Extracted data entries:

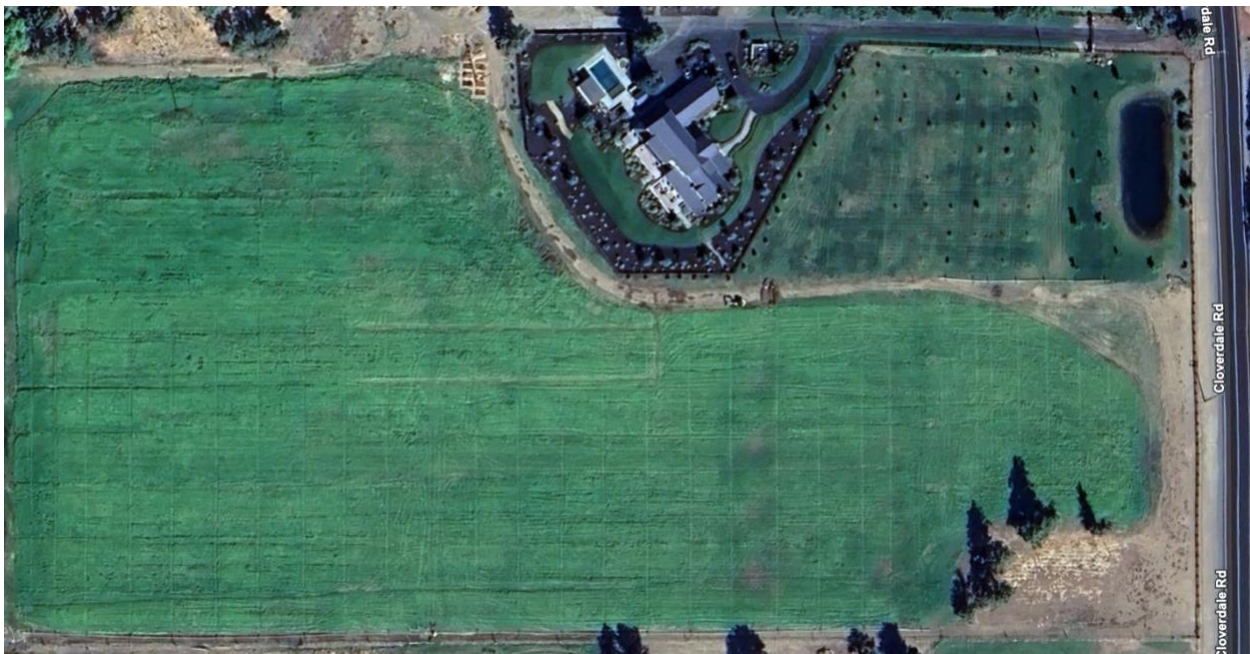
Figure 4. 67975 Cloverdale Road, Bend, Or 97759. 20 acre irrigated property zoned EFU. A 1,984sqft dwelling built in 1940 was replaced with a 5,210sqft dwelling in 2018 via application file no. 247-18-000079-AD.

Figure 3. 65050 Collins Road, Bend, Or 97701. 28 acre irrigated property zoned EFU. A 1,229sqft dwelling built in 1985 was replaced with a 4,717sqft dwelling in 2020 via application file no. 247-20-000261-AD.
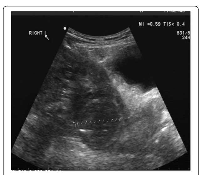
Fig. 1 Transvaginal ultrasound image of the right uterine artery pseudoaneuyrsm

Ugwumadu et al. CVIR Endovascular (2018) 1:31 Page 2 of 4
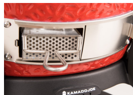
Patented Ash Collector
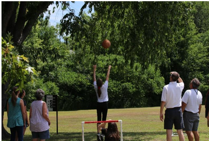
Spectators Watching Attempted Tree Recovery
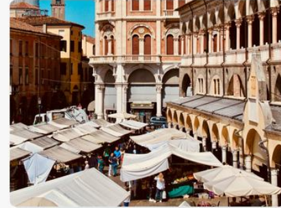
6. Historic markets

==

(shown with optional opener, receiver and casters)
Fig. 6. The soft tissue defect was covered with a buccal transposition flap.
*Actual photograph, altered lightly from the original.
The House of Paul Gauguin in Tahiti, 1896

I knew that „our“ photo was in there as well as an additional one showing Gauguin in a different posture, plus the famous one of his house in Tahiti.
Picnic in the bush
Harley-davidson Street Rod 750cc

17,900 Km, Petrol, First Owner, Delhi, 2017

- **WHAT IS REQUIRED**
Of the entries above, transcribe exactly those lines that fall between the line containing "Fig. 6. The" and the line containing "17,900 Km, Petrol, First Owner, Delhi, 2017", together with those two lines.

- **REPLY**
Fig. 6. The soft tissue defect was covered with a buccal transposition flap.
*Actual photograph, altered lightly from the original.
The House of Paul Gauguin in Tahiti, 1896

I knew that „our“ photo was in there as well as an additional one showing Gauguin in a different posture, plus the famous one of his house in Tahiti.
Picnic in the bush
Harley-davidson Street Rod 750cc

17,900 Km, Petrol, First Owner, Delhi, 2017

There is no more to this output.